What do store-bought soup, smoothies, processed bread and pesto all have in common?
I’ll give you a clue – it’s not gluten, wheat or dairy, the foodie buzzwords that the UK has been mad about associating and, at the same time, disassociating itself with, due to the wider healthy-eating trend gaining momentum, and consumers becoming more conscious of intolerances and allergies.
This mix of regular household food items all contain sugar, an ingredient recently declared the public’s newfound enemy, and a foe closer to us than many might imagine.

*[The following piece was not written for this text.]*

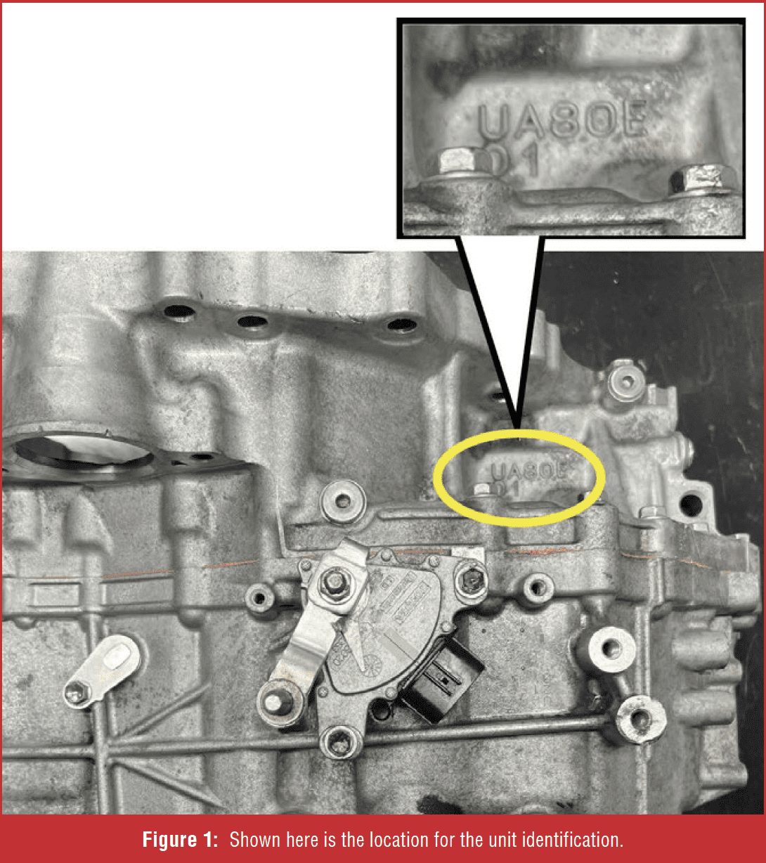 Identifying the unit you are working on is essential. The UA80 has a few variants that are easy to pick out. First, there are four-cylinder versions (UB80) and six-cylinder versions (UA80). The case has an identification embossed on the converter housing side of the unit (Figure 1). Next, the suffix determines whether the unit is two-wheel or four-wheel drive. For example, UA80E = two-wheel drive, and UA80F = four-wheel drive.

Having negative affects on our teeth, heart, brain and with direct connections to obesity, in the last year, a slew of books and cookbooks have been published revealing the bitter facts and promoting a sugar-free lifestyle, including Australian bestseller I Quit Sugar: Your Complete 8-Week Detox Program and Cookbook by Sarah Wilson.
A self-confessed sugar addict, eating the equivalent of 25 teaspoons of sugar every day, Sarah suffered with mood disorders, fluctuating weight issues, sleep problems and thyroid disease until she made the change. ‘I lost weight and my skin changed, it cleared. But when I quit the white stuff, I also started to heal. I found wellness and the kind of energy and sparkle I had as a kid. I don’t believe in diets or in making eating miserable. This plan and the recipes are designed for lasting wellness.’
This sugar-free mantra resonates with the UK’s pool of hot healthy-cooking talent, including Melissa and Jasmine Hemsley of Hemsley + Hemsley, Ella Woodward of Deliciously Ella, wellness expert and contributing editor for Vogue Calgary Avansino and Honestly Healthy alkaline guru Natasha Corrett.
To make the sweet stuff, these cooks work with naturally occurring fruit and vegetable sugars (think beetroot, banana and dates) and natural sweeteners like honey or agave syrup. Resulting in recipes that are, specifically, refined-sugar free.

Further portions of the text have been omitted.